Introduction
One of the primary physicochemical considerations in preparing pharmaceutical
solutions is the solubility of the drug in a suitable solvent. Solubility
may be defined as the maximum concentration of a substance that may
be completely dissolved in a given solvent at a given temperature and pressure.
When both solute and solvent are liquids, the term
miscibility rather than solubility may be used to
describe the affinity between the liquids.
The solubility of a substance may be described in a variety of ways.

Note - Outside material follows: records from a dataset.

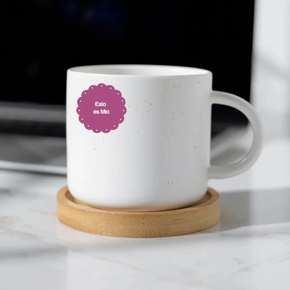 Labels con diseño de flor redondeada y nombre personalizable. Disponible en versión planchable para ropa y mochilas, o impermeable para botellas, tazas, frascos y útiles escolares. Resistente, duradero y perfecto para organización o uso diario.
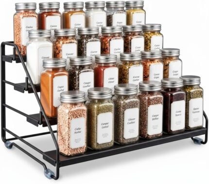 4 Tier Spice Rack Organizer for Cabinet, Step Adjustable Spice Shelf Seasoning Organizer with Non Slip Tiers, Expandable Metal Spice Rack for Kitchen Countertop, Pantry, Cupboard – Black
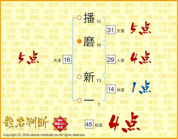 播磨新一さんの天運は31画の5点!
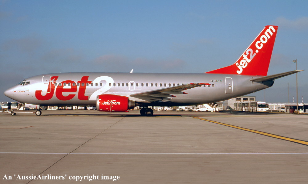 G-CELG. Jet 2 - 'Jet 2 London' in the revised livery at Leeds Airport, January 2005. (R. N. Smith Collection Copyright Image 4620-466.) |
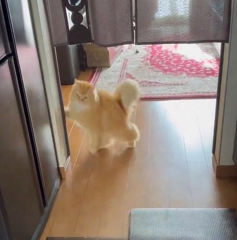 この日はママさんが美容院に足を運んだそうで、帰宅したママさんの姿を見たエマちゃん。動画の冒頭から表情には警戒心が漂い、尻尾がボワッと膨らんでいます。

The USP/NF generally expresses the solubility in terms of the volume of
solvent required to dissolve 1 gram of the drug at a specified temperature
(eg. 1 g ASA in 300 ml H2O, 5 ml ethanol at 25°C). Other references
may use more subjective terms to describe solubility, such as those given
in the following table from Remington's.
| Descriptive terms |
Parts of solvent needed for 1 part solute |
| Very soluble |
< 1 |
| Freely soluble |
1-10 |
| Soluble |
10-30 |
| Sparingly soluble |
30-100 |
| Slightly soluble |
100-1000 |
| Very slightly soluble |
1000-10,000 |
| Practically insoluble or insoluble |
> 10,000 |
Liquids which form a homogenous system when mixed in any proportion
are said to be miscible (eg. water
and ethanol). Those in which only certain volume ratios produce homogenous
mixtures are said to be miscible in certain proportions
(eg. water and chloroform). Immiscible
liquids will not produce a homogenous solution in any proportions (eg.
water and olive oil).
The aqueous solubility of all drugs is of interest to us, since it is
only in the form of an aqueous solution that a drug can be absorbed into
the general circulation to exert a therapeutic effect.